--- SUPPLIED MATERIAL ---
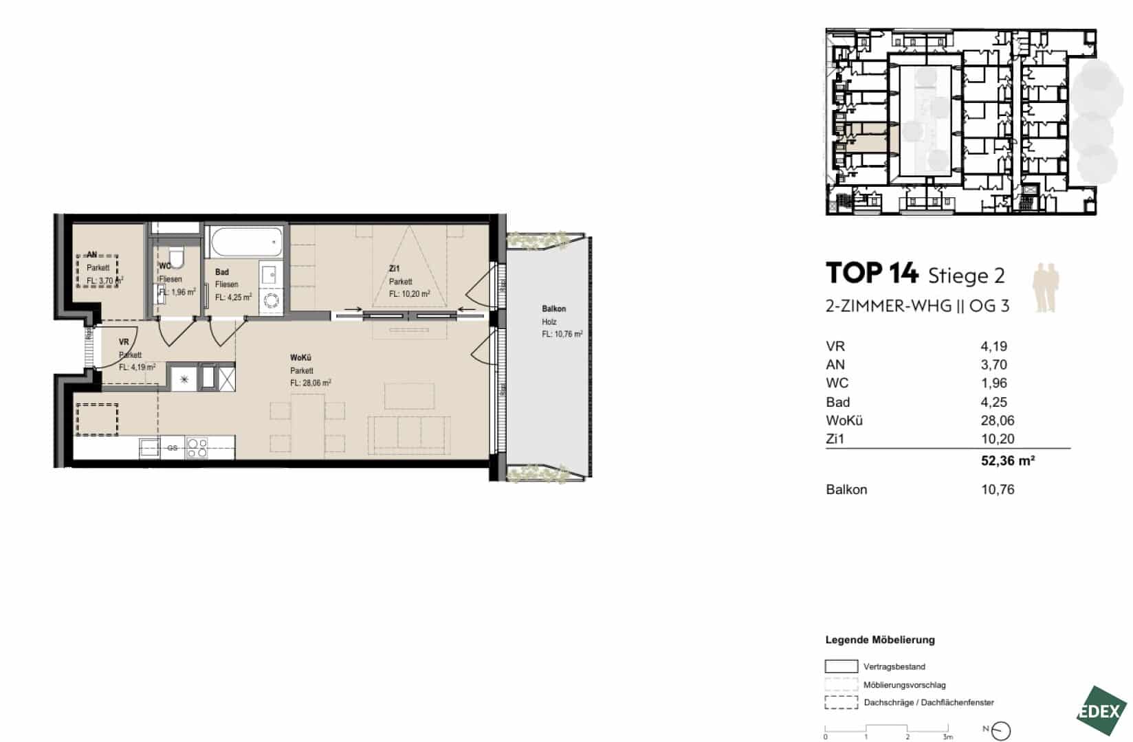 - Jede Wohnung verfügt über eine Freifläche (Balkon, Loggia oder Terrasse)
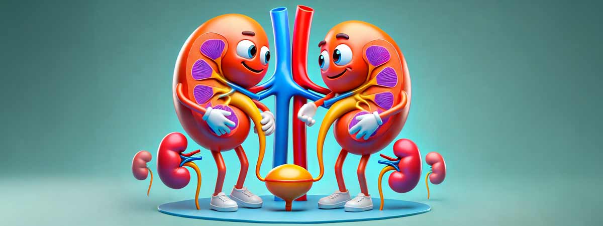 Kidneys are located behind your belly, just below your ribcage, two bean-shaped organs about the size of a fist, with an approximate weight of 100-200 grams each, depending on gender and side. They constantly produce urine collected in the bladder before, at around 350ml, we feel the urge to eliminate. Kidneys form, with the ureters, the renal pelvis, the bladder, and the urethra, our body’s so-called urinary system.
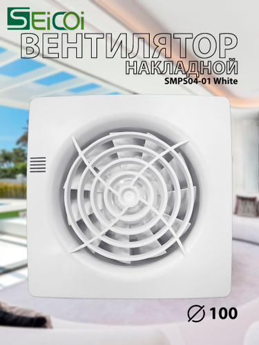 Вентилятор накладной Seicoi Floxy-100 White (белый матовый), с обратным клапаном, 100 мм
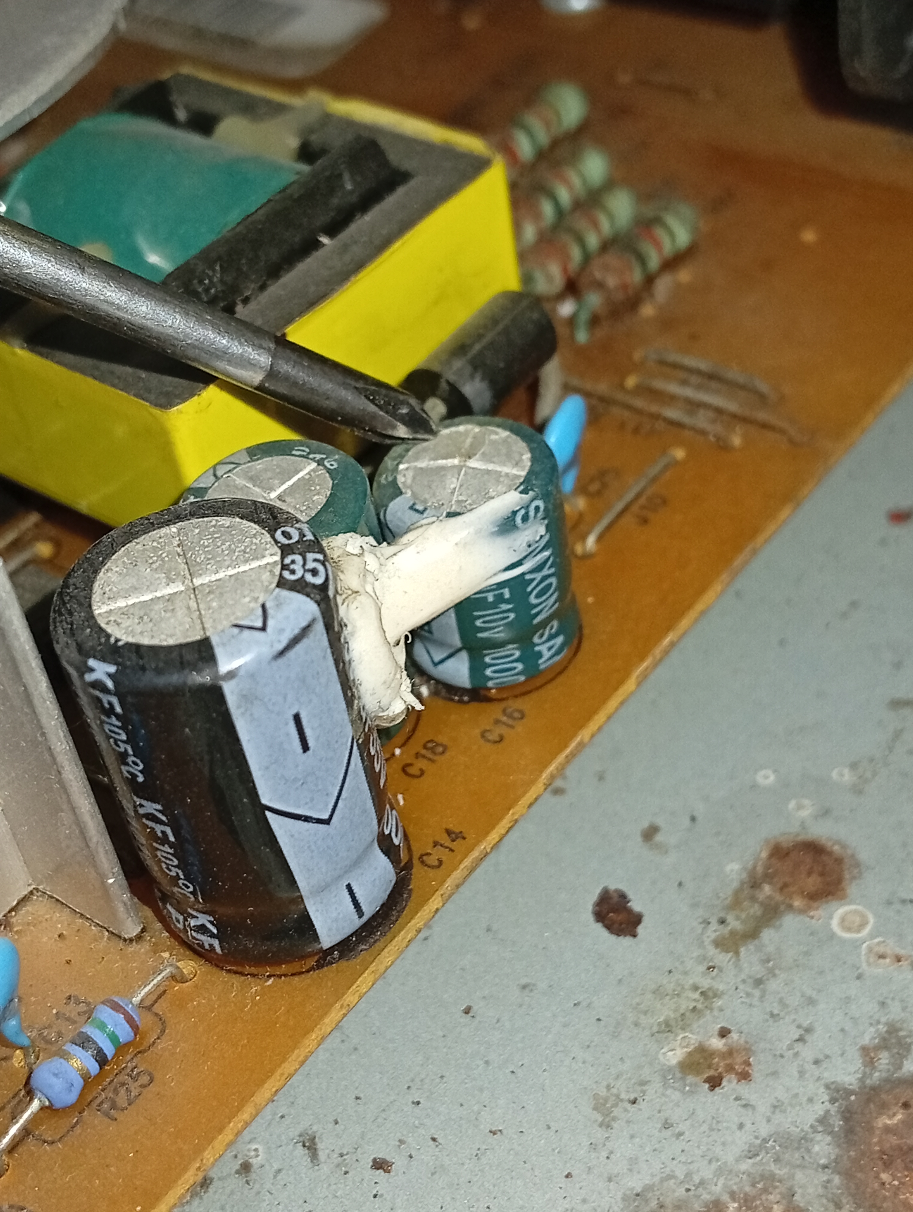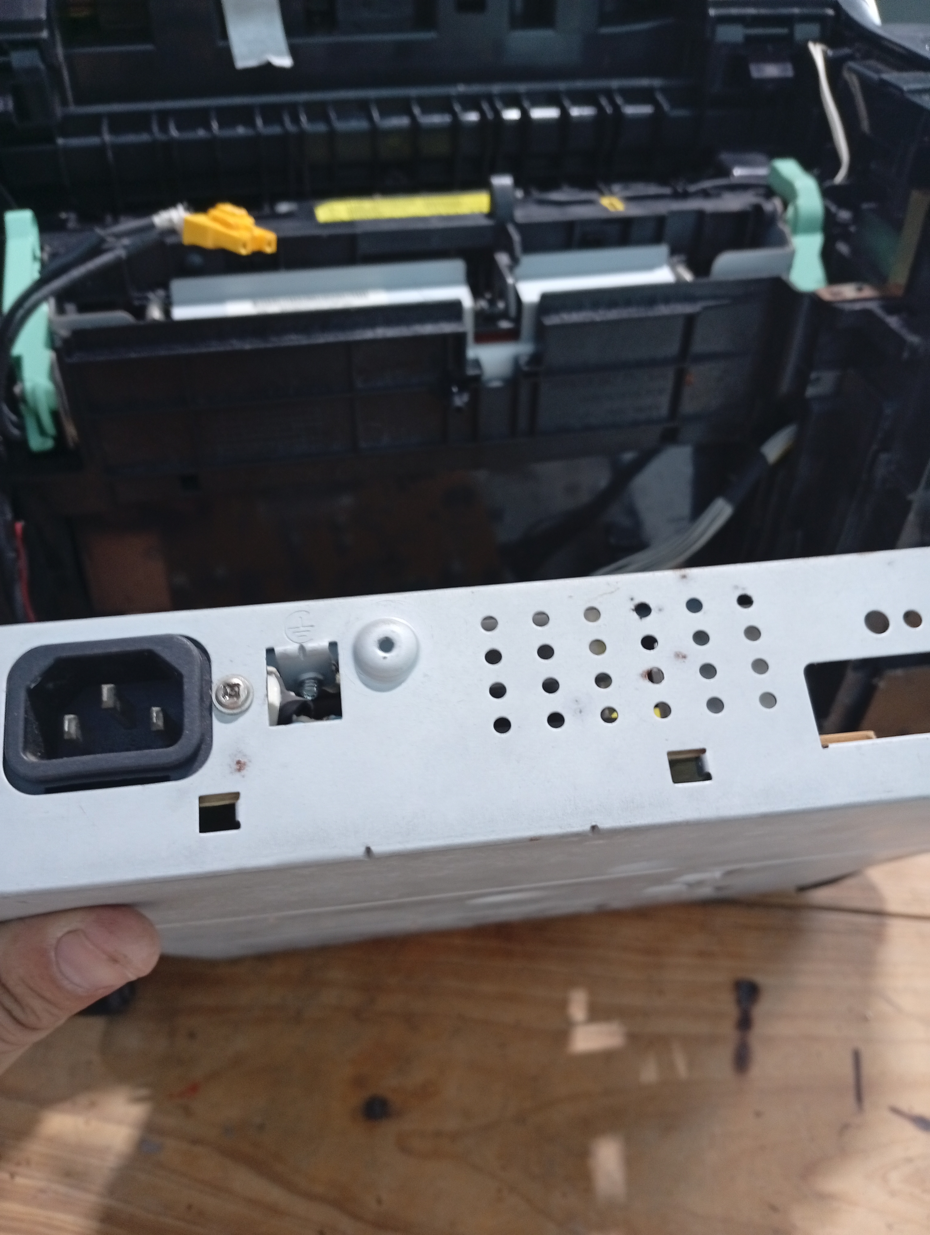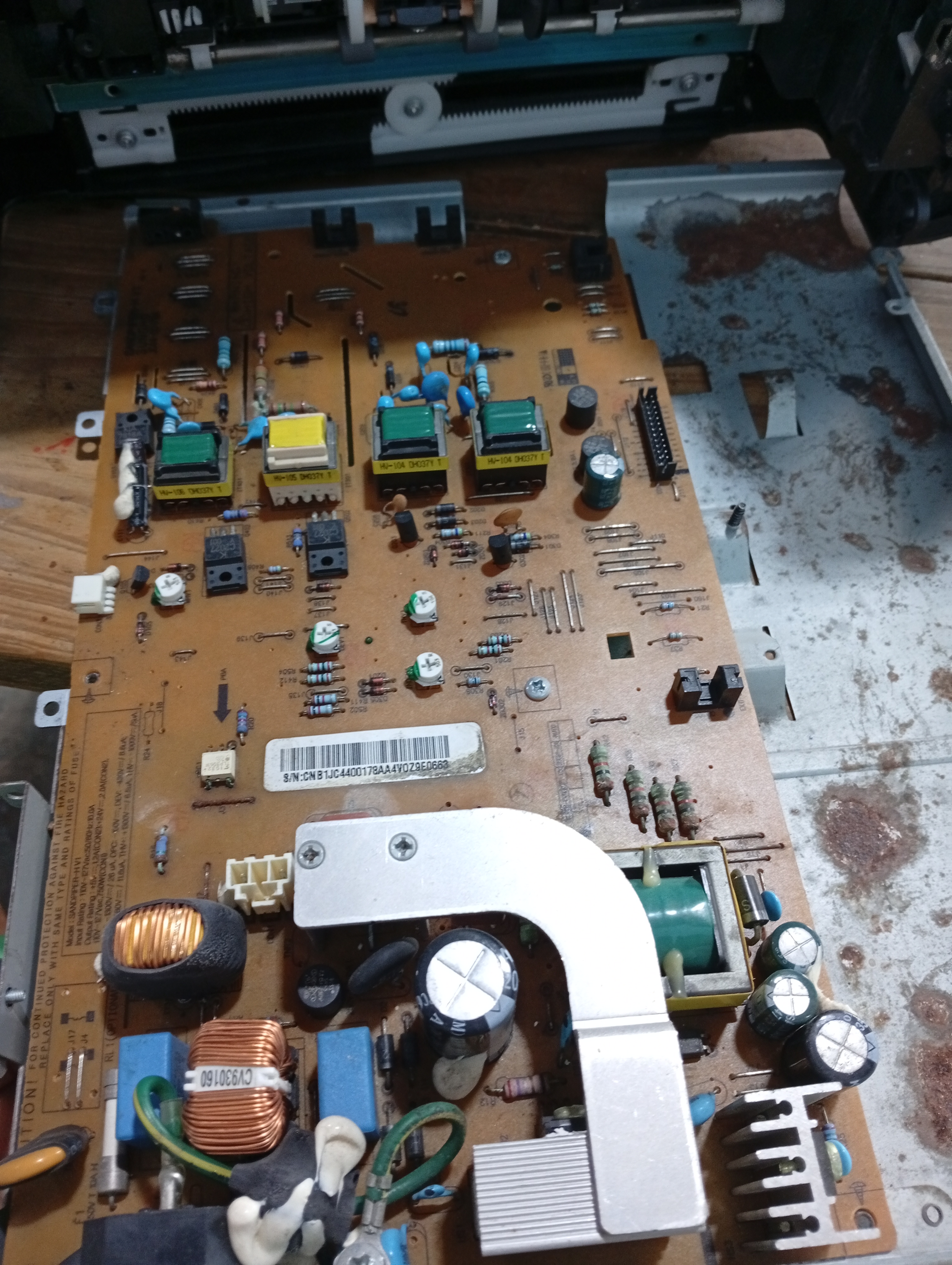 Retiré la placa de la fuente para reemplazar el capacitor, guardaba la esperanza que fuera este el origen de la falla.
---
PROBLEM TO SOLVE :: Everything in the material above is to be reproduced exactly, pictures aside.

ANSWER ::
 - Jede Wohnung verfügt über eine Freifläche (Balkon, Loggia oder Terrasse)
 Kidneys are located behind your belly, just below your ribcage, two bean-shaped organs about the size of a fist, with an approximate weight of 100-200 grams each, depending on gender and side. They constantly produce urine collected in the bladder before, at around 350ml, we feel the urge to eliminate. Kidneys form, with the ureters, the renal pelvis, the bladder, and the urethra, our body’s so-called urinary system.
 Вентилятор накладной Seicoi Floxy-100 White (белый матовый), с обратным клапаном, 100 мм
 Retiré la placa de la fuente para reemplazar el capacitor, guardaba la esperanza que fuera este el origen de la falla.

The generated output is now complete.